:: Exercise brief ::
Would you output the entries below only from the line containing "2. 대상: 2024학년도" through the line containing "贵大新闻网讯(文字/学生记者 杨胜兰 摄影/学生记者", exactly as they stand and with both ends included?

:: Entries provided ::

+++

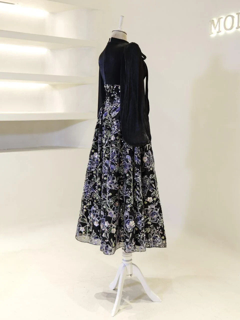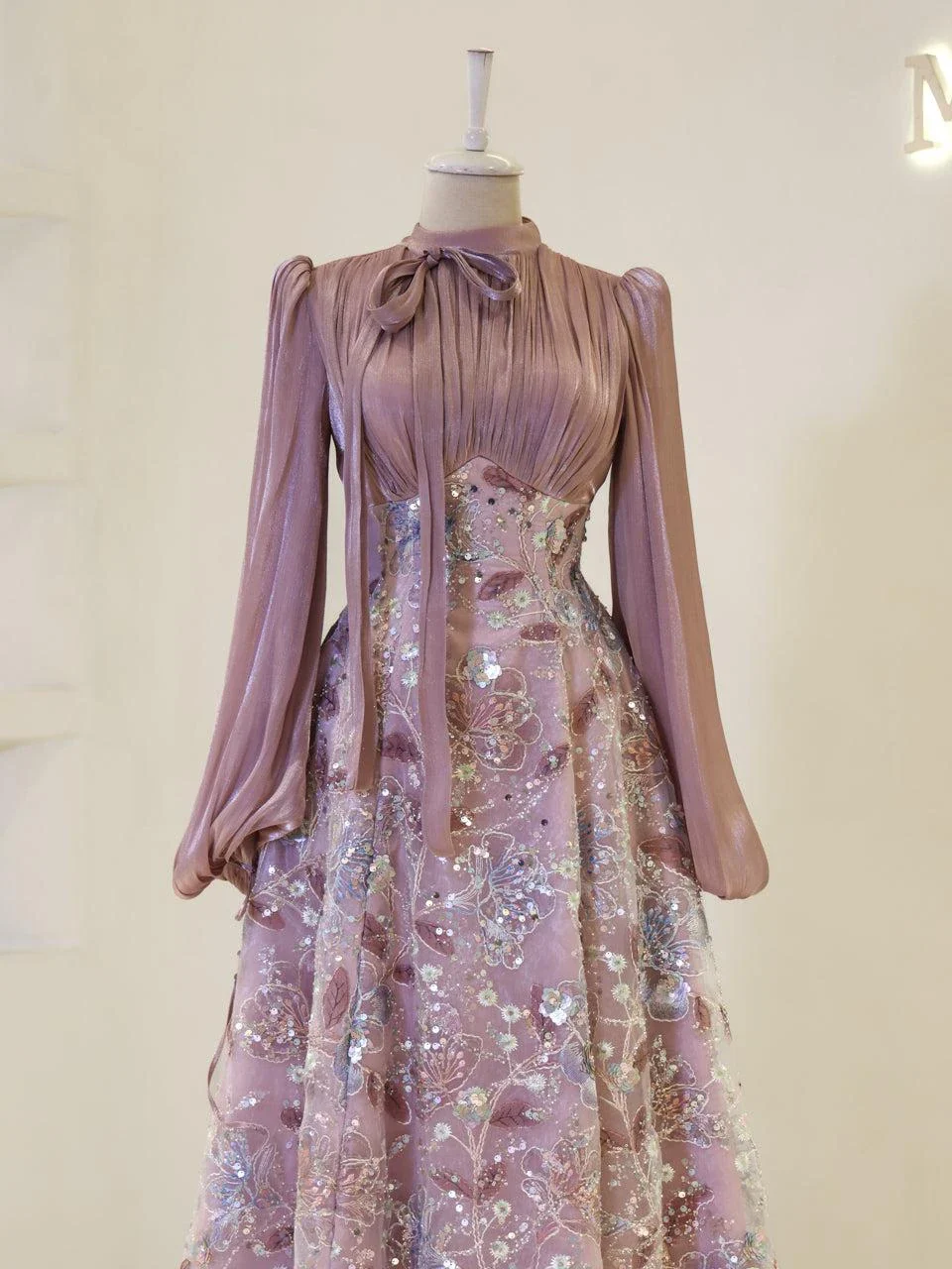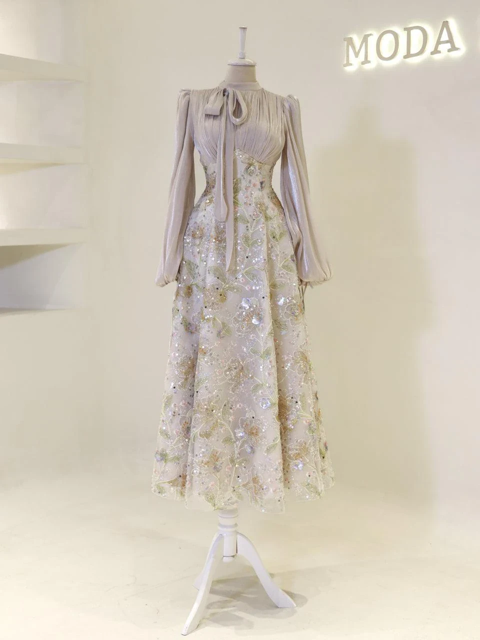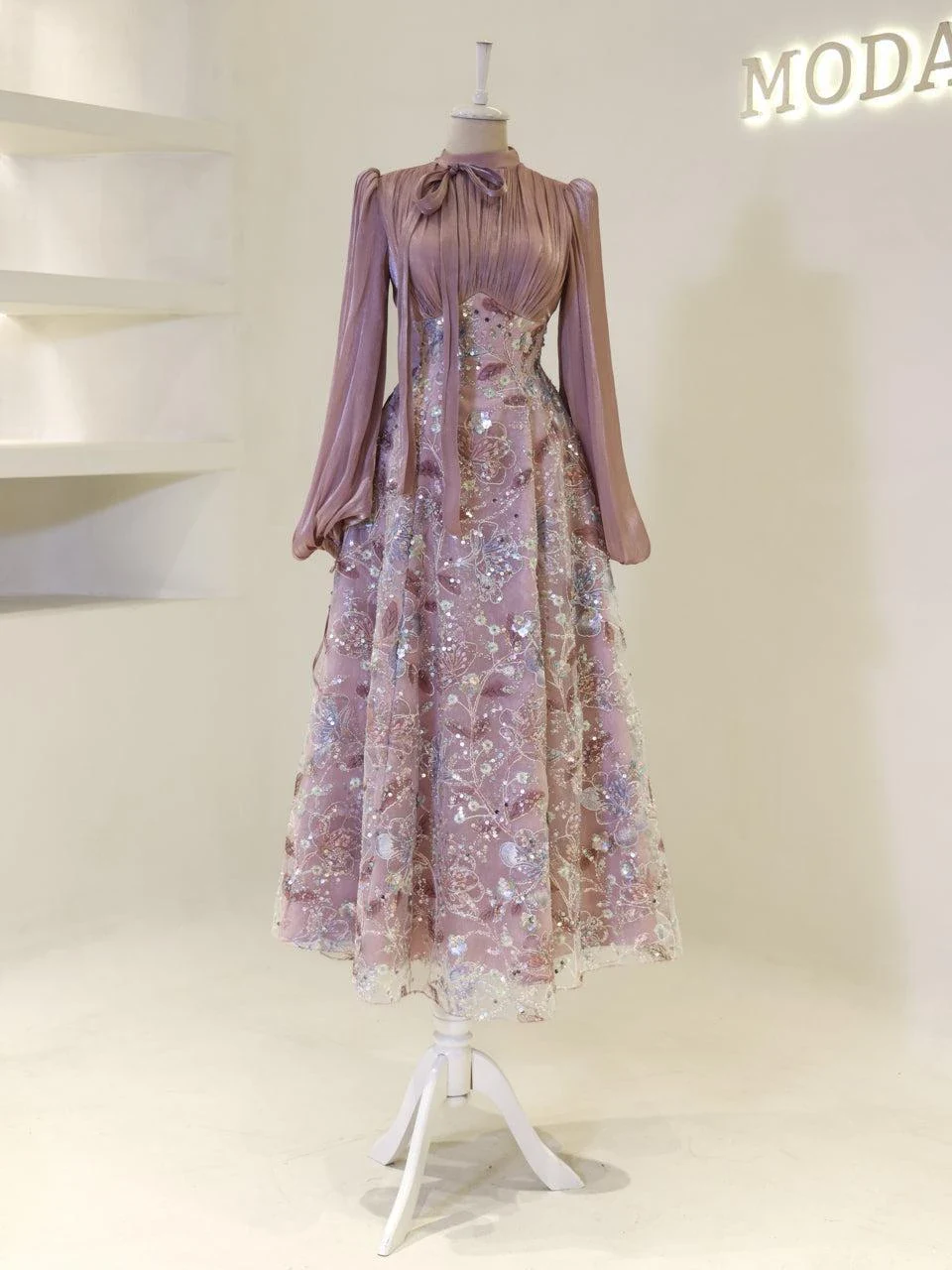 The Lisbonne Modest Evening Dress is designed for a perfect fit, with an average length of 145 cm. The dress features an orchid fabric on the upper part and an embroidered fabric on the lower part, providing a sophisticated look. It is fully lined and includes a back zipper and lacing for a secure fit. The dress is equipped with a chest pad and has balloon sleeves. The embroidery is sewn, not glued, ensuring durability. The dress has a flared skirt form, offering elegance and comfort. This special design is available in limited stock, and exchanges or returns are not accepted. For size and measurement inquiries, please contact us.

+++

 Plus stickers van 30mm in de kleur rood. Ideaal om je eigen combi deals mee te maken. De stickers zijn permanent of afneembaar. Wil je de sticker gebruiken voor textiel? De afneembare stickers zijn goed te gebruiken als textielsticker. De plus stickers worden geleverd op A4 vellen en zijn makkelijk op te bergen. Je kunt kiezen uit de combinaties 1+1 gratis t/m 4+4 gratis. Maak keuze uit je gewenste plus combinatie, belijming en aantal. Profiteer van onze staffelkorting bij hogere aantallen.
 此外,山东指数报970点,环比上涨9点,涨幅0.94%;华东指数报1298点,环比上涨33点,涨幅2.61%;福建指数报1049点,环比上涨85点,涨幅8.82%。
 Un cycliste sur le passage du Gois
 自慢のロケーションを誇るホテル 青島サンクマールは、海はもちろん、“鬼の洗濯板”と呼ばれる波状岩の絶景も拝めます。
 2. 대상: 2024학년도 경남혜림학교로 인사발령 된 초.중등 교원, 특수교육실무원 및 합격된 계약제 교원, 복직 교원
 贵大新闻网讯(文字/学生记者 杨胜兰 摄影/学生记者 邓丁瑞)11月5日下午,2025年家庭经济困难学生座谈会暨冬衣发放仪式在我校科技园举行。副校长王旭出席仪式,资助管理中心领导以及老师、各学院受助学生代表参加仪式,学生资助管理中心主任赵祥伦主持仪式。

+++

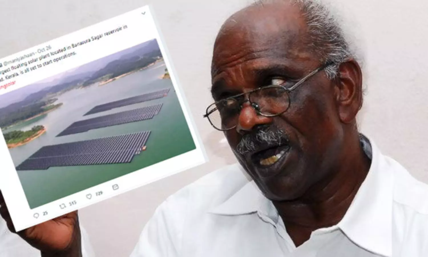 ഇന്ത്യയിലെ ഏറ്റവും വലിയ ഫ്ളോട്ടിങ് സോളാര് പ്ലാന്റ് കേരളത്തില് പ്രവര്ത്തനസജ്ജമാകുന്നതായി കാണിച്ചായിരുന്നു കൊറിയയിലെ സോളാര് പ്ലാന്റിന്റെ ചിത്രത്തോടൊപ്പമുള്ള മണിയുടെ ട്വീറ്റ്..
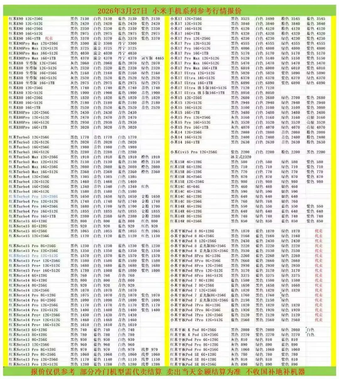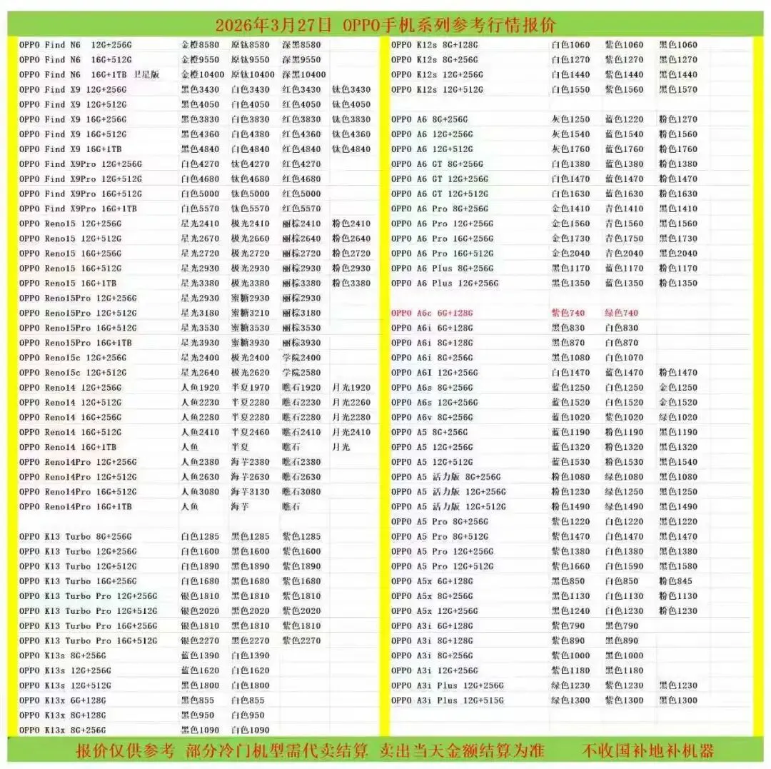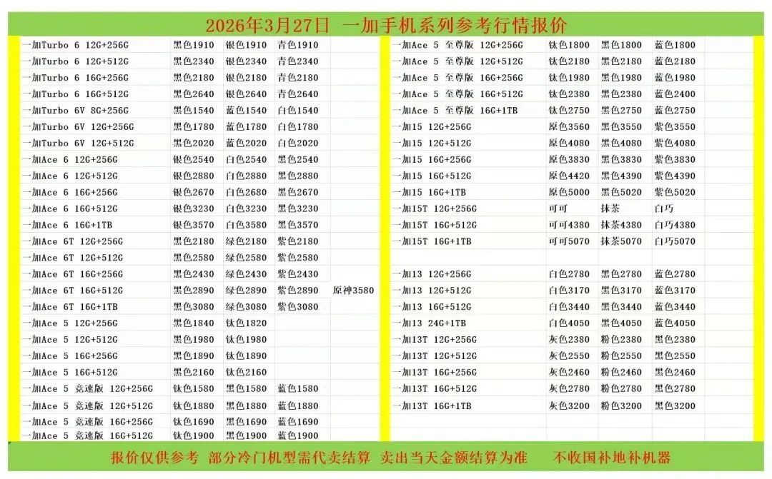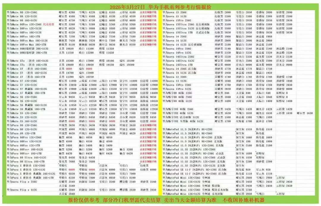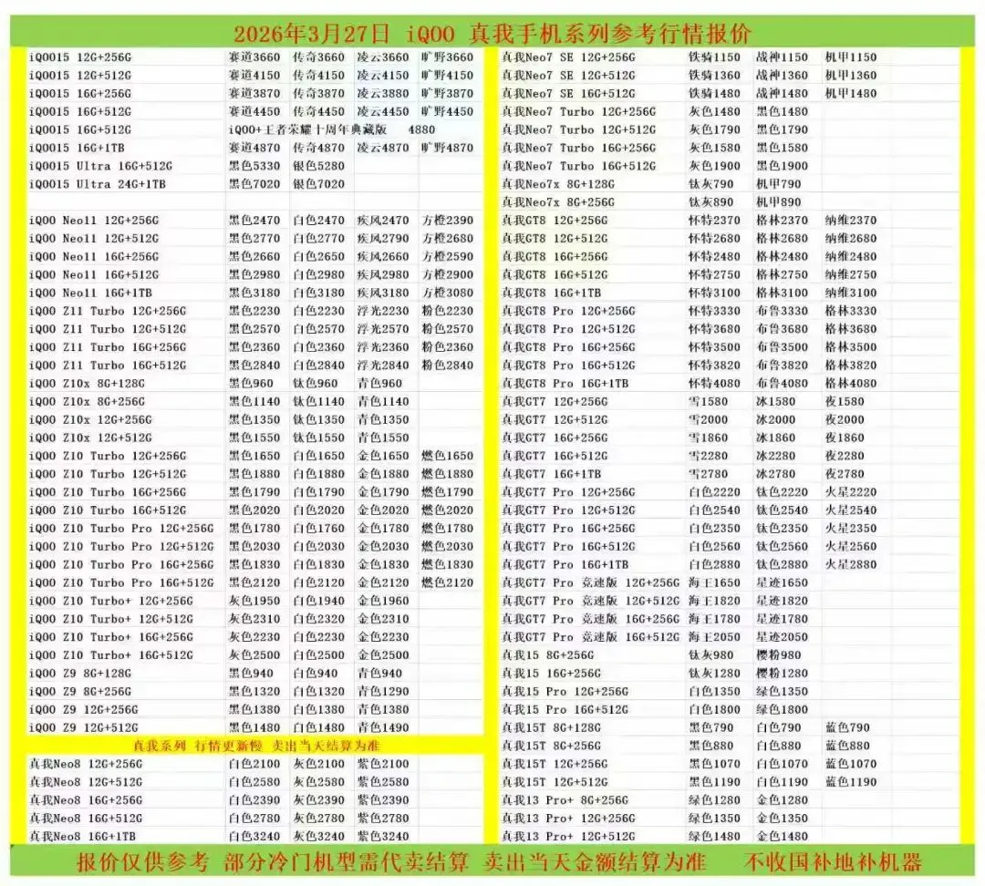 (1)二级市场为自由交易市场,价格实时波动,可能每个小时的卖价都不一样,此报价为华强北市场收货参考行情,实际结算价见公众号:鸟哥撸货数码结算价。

+++

:: Completed task ::
 2. 대상: 2024학년도 경남혜림학교로 인사발령 된 초.중등 교원, 특수교육실무원 및 합격된 계약제 교원, 복직 교원
 贵大新闻网讯(文字/学生记者 杨胜兰 摄影/学生记者 邓丁瑞)11月5日下午,2025年家庭经济困难学生座谈会暨冬衣发放仪式在我校科技园举行。副校长王旭出席仪式,资助管理中心领导以及老师、各学院受助学生代表参加仪式,学生资助管理中心主任赵祥伦主持仪式。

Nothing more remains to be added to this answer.